INFORMATION SHOWN =
+ + +
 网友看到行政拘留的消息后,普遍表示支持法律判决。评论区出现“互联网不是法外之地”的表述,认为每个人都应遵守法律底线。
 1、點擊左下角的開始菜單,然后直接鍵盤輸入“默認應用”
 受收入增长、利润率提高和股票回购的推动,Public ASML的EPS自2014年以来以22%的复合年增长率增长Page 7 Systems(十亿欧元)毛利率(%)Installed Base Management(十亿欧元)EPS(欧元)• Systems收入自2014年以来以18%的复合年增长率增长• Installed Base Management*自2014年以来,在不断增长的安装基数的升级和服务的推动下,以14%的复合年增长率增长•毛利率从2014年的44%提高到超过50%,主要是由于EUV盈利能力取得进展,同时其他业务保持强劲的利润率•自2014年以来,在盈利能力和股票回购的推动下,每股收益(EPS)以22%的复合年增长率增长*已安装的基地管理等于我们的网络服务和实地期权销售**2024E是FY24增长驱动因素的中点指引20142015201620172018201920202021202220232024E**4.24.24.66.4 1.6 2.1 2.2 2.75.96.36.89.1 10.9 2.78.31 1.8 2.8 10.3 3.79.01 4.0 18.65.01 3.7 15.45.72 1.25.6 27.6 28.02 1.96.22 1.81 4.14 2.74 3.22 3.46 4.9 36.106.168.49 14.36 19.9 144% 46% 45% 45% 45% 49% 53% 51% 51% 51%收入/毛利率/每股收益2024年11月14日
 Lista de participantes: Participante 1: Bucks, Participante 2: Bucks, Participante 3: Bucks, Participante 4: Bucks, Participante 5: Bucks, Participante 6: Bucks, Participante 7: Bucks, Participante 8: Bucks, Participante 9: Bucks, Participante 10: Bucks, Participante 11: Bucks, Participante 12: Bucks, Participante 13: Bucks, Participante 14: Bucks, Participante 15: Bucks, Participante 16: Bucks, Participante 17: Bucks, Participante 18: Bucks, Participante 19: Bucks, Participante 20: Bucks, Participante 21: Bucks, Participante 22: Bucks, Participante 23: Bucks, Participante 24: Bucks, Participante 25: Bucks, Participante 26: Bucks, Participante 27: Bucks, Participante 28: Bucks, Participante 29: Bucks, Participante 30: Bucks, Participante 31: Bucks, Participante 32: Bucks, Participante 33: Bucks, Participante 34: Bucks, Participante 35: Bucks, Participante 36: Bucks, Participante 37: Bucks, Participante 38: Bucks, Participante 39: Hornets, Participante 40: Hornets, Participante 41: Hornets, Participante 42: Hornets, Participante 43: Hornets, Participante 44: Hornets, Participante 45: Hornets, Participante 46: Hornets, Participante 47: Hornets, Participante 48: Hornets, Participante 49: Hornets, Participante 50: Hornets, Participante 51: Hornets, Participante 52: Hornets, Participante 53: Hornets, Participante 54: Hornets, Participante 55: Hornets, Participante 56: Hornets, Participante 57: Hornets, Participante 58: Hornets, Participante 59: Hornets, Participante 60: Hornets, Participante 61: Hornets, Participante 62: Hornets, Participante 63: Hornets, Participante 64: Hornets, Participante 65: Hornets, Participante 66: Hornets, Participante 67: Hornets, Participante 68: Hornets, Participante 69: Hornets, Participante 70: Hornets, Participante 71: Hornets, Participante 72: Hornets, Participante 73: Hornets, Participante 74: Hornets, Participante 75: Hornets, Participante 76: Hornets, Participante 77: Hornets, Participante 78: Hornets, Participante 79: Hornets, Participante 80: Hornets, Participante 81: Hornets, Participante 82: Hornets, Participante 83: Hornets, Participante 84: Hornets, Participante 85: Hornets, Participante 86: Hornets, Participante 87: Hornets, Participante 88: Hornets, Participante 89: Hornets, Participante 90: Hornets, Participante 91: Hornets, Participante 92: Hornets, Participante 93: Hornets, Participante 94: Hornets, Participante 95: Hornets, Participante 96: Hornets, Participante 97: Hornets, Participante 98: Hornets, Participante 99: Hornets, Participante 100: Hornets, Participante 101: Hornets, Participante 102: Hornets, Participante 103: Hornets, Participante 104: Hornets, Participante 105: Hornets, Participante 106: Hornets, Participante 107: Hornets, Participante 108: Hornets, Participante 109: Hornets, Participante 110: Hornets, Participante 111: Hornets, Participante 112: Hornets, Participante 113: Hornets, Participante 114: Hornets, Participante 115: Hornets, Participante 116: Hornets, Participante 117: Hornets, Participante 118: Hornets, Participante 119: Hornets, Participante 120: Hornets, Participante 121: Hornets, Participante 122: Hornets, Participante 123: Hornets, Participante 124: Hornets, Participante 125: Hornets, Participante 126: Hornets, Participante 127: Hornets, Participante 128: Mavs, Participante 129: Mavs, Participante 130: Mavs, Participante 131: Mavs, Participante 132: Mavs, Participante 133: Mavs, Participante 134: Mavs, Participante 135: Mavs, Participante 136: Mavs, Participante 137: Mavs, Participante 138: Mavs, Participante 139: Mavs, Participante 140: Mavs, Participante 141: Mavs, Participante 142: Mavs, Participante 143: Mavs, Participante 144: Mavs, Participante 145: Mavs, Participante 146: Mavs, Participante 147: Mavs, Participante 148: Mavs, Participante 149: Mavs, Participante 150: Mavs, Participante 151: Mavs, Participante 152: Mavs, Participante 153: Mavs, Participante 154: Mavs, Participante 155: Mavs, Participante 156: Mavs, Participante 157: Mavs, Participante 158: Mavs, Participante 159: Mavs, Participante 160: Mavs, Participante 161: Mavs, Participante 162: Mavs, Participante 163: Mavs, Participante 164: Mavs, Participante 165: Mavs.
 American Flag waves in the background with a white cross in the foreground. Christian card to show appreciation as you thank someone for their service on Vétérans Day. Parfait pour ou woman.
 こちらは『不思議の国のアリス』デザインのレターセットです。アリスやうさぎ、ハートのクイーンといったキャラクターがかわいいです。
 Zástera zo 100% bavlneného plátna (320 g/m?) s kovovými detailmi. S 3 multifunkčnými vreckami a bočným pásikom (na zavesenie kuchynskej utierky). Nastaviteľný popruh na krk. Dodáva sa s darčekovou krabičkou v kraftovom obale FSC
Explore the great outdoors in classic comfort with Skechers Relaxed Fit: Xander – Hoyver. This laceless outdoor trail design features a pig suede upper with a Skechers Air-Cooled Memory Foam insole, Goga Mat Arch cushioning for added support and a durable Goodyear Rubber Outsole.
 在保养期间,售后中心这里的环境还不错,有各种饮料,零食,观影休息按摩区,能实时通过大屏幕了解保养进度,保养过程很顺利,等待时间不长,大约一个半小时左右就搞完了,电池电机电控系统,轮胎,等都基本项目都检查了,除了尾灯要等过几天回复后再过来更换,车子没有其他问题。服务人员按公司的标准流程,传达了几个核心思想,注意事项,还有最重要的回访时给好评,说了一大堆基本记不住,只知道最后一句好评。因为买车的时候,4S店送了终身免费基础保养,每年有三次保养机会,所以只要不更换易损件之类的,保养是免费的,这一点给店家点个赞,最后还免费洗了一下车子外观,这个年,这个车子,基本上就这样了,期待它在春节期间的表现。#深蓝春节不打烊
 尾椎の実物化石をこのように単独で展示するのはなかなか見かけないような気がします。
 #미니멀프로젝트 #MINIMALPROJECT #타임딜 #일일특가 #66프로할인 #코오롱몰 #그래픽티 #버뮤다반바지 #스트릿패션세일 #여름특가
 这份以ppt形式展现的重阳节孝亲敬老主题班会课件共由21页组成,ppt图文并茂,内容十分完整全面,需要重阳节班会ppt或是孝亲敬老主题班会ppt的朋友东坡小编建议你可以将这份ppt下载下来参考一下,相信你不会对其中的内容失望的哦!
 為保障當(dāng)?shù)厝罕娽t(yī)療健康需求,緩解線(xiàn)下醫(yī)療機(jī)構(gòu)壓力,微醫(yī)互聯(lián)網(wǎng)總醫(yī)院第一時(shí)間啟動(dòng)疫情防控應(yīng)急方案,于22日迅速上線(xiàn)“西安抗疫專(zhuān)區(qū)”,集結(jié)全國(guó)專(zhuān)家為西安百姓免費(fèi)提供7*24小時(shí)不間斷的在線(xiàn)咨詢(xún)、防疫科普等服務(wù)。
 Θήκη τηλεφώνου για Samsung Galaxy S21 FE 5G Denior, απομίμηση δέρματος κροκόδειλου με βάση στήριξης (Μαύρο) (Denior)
+ + +
ACTIVITY = Locate the word "with" in the records above, and return each line that has it.

EXERCISE ANSWER =
 American Flag waves in the background with a white cross in the foreground. Christian card to show appreciation as you thank someone for their service on Vétérans Day. Parfait pour ou woman.
Explore the great outdoors in classic comfort with Skechers Relaxed Fit: Xander – Hoyver. This laceless outdoor trail design features a pig suede upper with a Skechers Air-Cooled Memory Foam insole, Goga Mat Arch cushioning for added support and a durable Goodyear Rubber Outsole.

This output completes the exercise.